AqQua Objectives
- Consolidate and harmonise ~ 3 billion images from diverse pelagic imaging modalities and a global network of research groups.
- Build a foundational model of pelagic image data that disrupts the state of the art in downstream tasks of species classification, novelty detection, trait extraction, and particulate organic carbon quantification.
- Cater a large-scale platform service to the global stakeholder community by rolling out easy-to-use, resource-efficient models. Ensure sustained methodological advances via an open competition in the core computer vision community.
- Exploit models using environmental- and satellite data to generate temporally resolved maps of local and global species distribution.
- Assess carbon uptake- and export potential of aquatic food webs.
Challenges
A number of challenges lie ahead towards establishing and exploiting such a model.
- Data from a variety of modalities and a large community of research groups in Helmholtz and the world has to be brought together and harmonised.
- Unique aspects of pelagic image data require methodological advances over established self-supervised learning workflows.
- Fine-tuned models need to be distilled into resource-efficient tools along with a well-orchestrated roll-out to the best benefit of a diverse global user community.
- The model needs to be embedded into a compositional system that integrates orthogonal data sources and models for comprehensive global predictions.

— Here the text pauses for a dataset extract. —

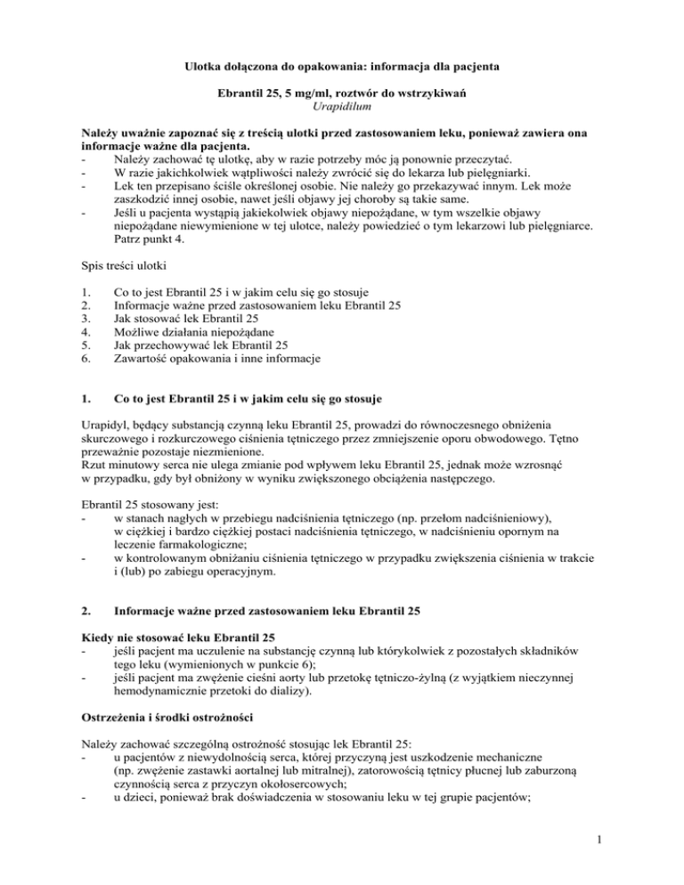 Ulotka dołączona do opakowania: informacja dla pacjenta Ebrantil 25, 5 mg/ml, roztwór do wstrzykiwań Urapidilum Należy uważnie zapoznać się z treścią ulotki przed zastosowaniem leku, ponieważ zawiera ona informacje ważne dla pacjenta. Należy zachować tę ulotkę, aby w razie potrzeby móc ją ponownie przeczytać. W razie jakichkolwiek wątpliwości należy zwrócić się do lekarza lub pielęgniarki. Lek ten przepisano ściśle określonej osobie. Nie należy go przekazywać innym. Lek może zaszkodzić innej osobie, nawet jeśli objawy jej choroby są takie same. Jeśli u pacjenta wystąpią jakiekolwiek objawy niepożądane, w tym wszelkie objawy niepożądane niewymienione w tej ulotce, należy powiedzieć o tym lekarzowi lub pielęgniarce. Patrz punkt 4. Spis treści ulotki 1. 2. 3. 4. 5. 6. Co to jest Ebrantil 25 i w jakim celu się go stosuje Informacje ważne przed zastosowaniem leku Ebrantil 25 Jak stosować lek Ebrantil 25 Możliwe działania niepożądane Jak przechowywać lek Ebrantil 25 Zawartość opakowania i inne informacje 1. Co to jest Ebrantil 25 i w jakim celu się go stosuje Urapidyl, będący substancją czynną leku Ebrantil 25, prowadzi do równoczesnego obniżenia skurczowego i rozkurczowego ciśnienia tętniczego przez zmniejszenie oporu obwodowego. Tętno przeważnie pozostaje niezmienione. Rzut minutowy serca nie ulega zmianie pod wpływem leku Ebrantil 25, jednak może wzrosnąć w przypadku, gdy był obniżony w wyniku zwiększonego obciążenia następczego. Ebrantil 25 stosowany jest: w stanach nagłych w przebiegu nadciśnienia tętniczego (np. przełom nadciśnieniowy), w ciężkiej i bardzo ciężkiej postaci nadciśnienia tętniczego, w nadciśnieniu opornym na leczenie farmakologiczne; w kontrolowanym obniżaniu ciśnienia tętniczego w przypadku zwiększenia ciśnienia w trakcie i (lub) po zabiegu operacyjnym. 2. Informacje ważne przed zastosowaniem leku Ebrantil 25 Kiedy nie stosować leku Ebrantil 25 jeśli pacjent ma uczulenie na substancję czynną lub którykolwiek z pozostałych składników tego leku (wymienionych w punkcie 6); jeśli pacjent ma zwężenie cieśni aorty lub przetokę tętniczo-żylną (z wyjątkiem nieczynnej hemodynamicznie przetoki do dializy). Ostrzeżenia i środki ostrożności Należy zachować szczególną ostrożność stosując lek Ebrantil 25: u pacjentów z niewydolnością serca, której przyczyną jest uszkodzenie mechaniczne (np. zwężenie zastawki aortalnej lub mitralnej), zatorowością tętnicy płucnej lub zaburzoną czynnością serca z przyczyn okołosercowych; u dzieci, ponieważ brak doświadczenia w stosowaniu leku w tej grupie pacjentów; 1 - u pacjentów z zaburzeniami czynności wątroby (konieczne może być zmniejszenie dawki leku Ebrantil 25); u pacjentów z umiarkowanymi lub ciężkimi zaburzeniami czynności nerek (konieczne może być zmniejszenie dawki leku Ebrantil 25); u pacjentów w podeszłym wieku. Ze względu na zmienioną wrażliwość osób w podeszłym wieku, leki obniżające ciśnienie należy stosować początkowo w mniejszych dawkach; u pacjentów leczonych równocześnie cymetydyną (patrz punkt Lek Ebrantil 25 a inne leki). Jeśli podano wcześniej inny lek zmniejszający ciśnienie tętnicze, przed podaniem leku Ebrantil 25 należy czekać na uwidocznienie wpływu podanego leku na wartość ciśnienia, a następnie odpowiednio zmniejszyć dawkowanie leku Ebrantil 25. Nadmiernie szybki spadek ciśnienia krwi może prowadzić do zwolnienia lub zatrzymania akcji serca. Ciąża i karmienie piersią Jeśli pacjentka jest w ciąży lub karmi piersią, przypuszcza, że może być w ciąży lub gdy planuje mieć dziecko, powinna poradzić się lekarza przed zastosowaniem tego leku. Nie zaleca się stosowania leku Ebrantil 25 w czasie ciąży, chyba że potencjalne korzyści dla matki przeważają nad potencjalnymi zagrożeniami dla płodu. Podczas stosowania leku Ebrantil 25 nie należy karmić piersią. Prowadzenie pojazdów i obsługiwanie maszyn Ze względu na indywidualną reakcję na lek, zdolność prowadzenia pojazdów i obsługiwania maszyn może być upośledzona. Może to się zdarzyć zwłaszcza na początku leczenia, przy zwiększeniu dawki leku, zmianie leku na inny oraz w przypadku spożywania alkoholu w trakcie stosowania leku. Lek Ebrantil 25 a inne leki Należy powiedzieć lekarzowi o wszystkich lekach przyjmowanych przez pacjenta obecnie lub ostatnio, a także o lekach, które pacjent planuje przyjmować. Działanie leku może być nasilone przez: jednoczesne stosowanie antagonistów receptorów alfa-adrenergicznych (np. klonidyna), leków rozszerzających naczynia oraz innych leków obniżających ciśnienie; odwodnienie organizmu spowodowane np. wymiotami lub biegunką; alkohol. Równoczesne stosowanie cymetydyny (lek przeciw nadkwasocie) może spowodować wzrost stężenia urapidylu w surowicy. Ze względu na brak wystarczających danych dotyczących wzajemnego oddziaływania leku Ebrantil 25 i inhibitorów konwertazy angiotensyny (leki stosowane w nadciśnieniu i chorobach serca), nie należy stosować tych leków równocześnie. 3. Jak stosować lek Ebrantil 25 Stany nagłe w przebiegu nadciśnienia tętniczego (np. przełom nadciśnieniowy), ciężkie i bardzo ciężkie postaci nadciśnienia tętniczego, nadciśnienie oporne na leczenie farmakologiczne. 1) Wstrzyknięcia dożylne 10 do 50 mg urapidylu należy powoli podawać dożylnie z jednoczesnym monitorowaniem ciśnienia krwi. Obniżenie ciśnienia występuje zwykle w ciągu 5 minut po podaniu leku. W zależności od reakcji, podanie leku Ebrantil 25 można powtórzyć. 2 2) Wlew kroplowy dożylny lub wlew ciągły z użyciem pompy infuzyjnej W celu utrzymania poziomu ciśnienia tętniczego uzyskanego po wstrzyknięciu, należy przygotować wlew kroplowy roztworu w następujący sposób: do 500 ml roztworu do infuzji, np. 0,9% roztworu chlorku sodu, 5% lub 10% roztworu glukozy, należy dodać

AqQua brings together the essential interdisciplinary expertises and track records in core AI, HPC, Pelagic Imaging, Plankton Biogeochemistry and Ecosystem Analysis and Modeling as well as the overwhelming support of the global community to tackle these challenges.
Approach
We have identified three billion pelagic images accessible for our project, with high diversity across modalities and geolocations. A significant fraction of the data originates from four Helmholtz Centers, complemented by vast contributions from the global community.
The inherent scarcity of the available labels and the distinct information content of pelagic imaging compared to standard computer vision data, calls for a dedicated, large-scale, domain-specific self-supervised learning (SSL) approach.
AqQua’s core computational module will be a vision transformer trained on massive unlabeled data based on state-of-the-art self-supervised learning paradigms. We will extend and adapt the underlying methodology to pelagic images and metadata to develop and train a highly performant domain-specific foundation model. We expect AqQua to exceed previous trait extraction and POC quantification performance in the face of scarce annotations, and disruptively boost zero-shot down-stream performance on new modalities and geolocations.
In-depth assessment of AqQua’s embedding space structure and respective loss impact will contribute an advanced understanding of self-supervised learning paradigms and their learnt knowledge, catalysing related method development. We will explore further advances towards highly multimodal integrative architectures and training paradigms, aiming at a compositional model that comprises orthogonal sources such as remote sensing, environmental and occurrence data.
Expected Outcome
Current assessments of global marine carbon export remain widely divergent with a range as large as the present annual anthropogenic CO2 emission rate, and estimates mostly represent averages of multi-annual to multi-decadal data. Abundance of most planktonic species is unknown and not monitored to date. AqQua will yield global distribution estimates of carbon export and plankton diversity at unprecedented spatial and temporal scales. Such maps will not only progress to the scientific understanding, but will serve political stakeholders and decision makers in the face of emerging carbon removal techniques.
We envision that AqQua will be key to enabling operational pelagic imaging, to yield global budgets of carbon export flux and plankton distribution at annual to monthly scales and their potential changes in light of climate change. AqQua’s impact is propelled by our Open Science approach, which will democratise access to massive datasets and large-scale models, making scientific exploration accessible and affordable also for small, specialised domain research groups, also in developing countries. Our cross-platform models rolled out as easy-to-use tools will benefit the entire domain community as well as non-scientific stakeholders like e.g. federal state water monitoring programmes.
The AI community will advance through our in-depth studies of embedding space structure in the face of well-categorised properties of training data distribution, as well as through our extended multi-modal modelling efforts. Our dataset and source code itself will be invaluable for generating and benchmarking algorithmic improvements.
Who will Benefit?
AqQua is supported by more than 40 international partners from research institutions, developers and companies including manufacturers of state-of-the-art imaging systems. While members who contribute data will be primary beneficiaries of AqQua, we expect our models, tools and global distribution estimates to be valuable to domain- and computer vision communities, earth system modelling community, industry, water authorities, political stakeholders and decision makers, federal state agencies, UNESCO, UN and citizen scientists.